## BRIEF
These records contain pictures, which must be left out; copy exactly the lines from the one with "Výkonnost společnosti Tesla, Inc." up to and including the one with "The whites in".

BEGIN INPUT RECORDS

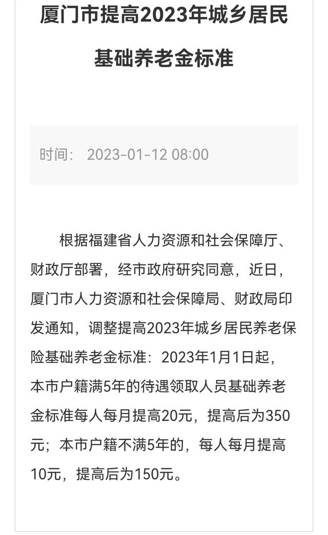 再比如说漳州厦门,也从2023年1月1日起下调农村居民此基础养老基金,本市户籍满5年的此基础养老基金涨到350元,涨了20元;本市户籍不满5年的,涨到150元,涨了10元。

END INPUT RECORDS
BEGIN INPUT RECORDS

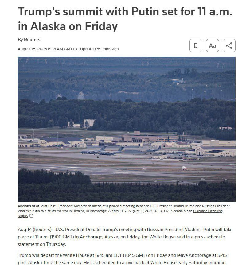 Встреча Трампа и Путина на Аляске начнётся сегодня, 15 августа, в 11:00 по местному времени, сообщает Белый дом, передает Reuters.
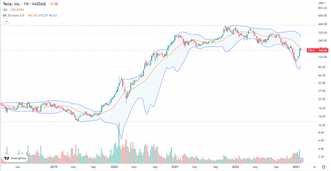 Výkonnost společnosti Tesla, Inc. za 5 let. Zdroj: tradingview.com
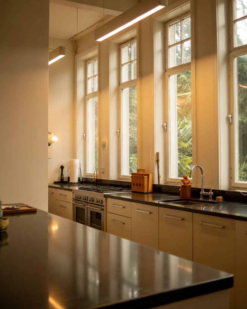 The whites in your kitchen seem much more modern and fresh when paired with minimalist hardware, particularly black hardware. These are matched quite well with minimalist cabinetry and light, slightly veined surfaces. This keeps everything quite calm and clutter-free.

END INPUT RECORDS

## TASK ANSWER
 Výkonnost společnosti Tesla, Inc. za 5 let. Zdroj: tradingview.com
 The whites in your kitchen seem much more modern and fresh when paired with minimalist hardware, particularly black hardware. These are matched quite well with minimalist cabinetry and light, slightly veined surfaces. This keeps everything quite calm and clutter-free.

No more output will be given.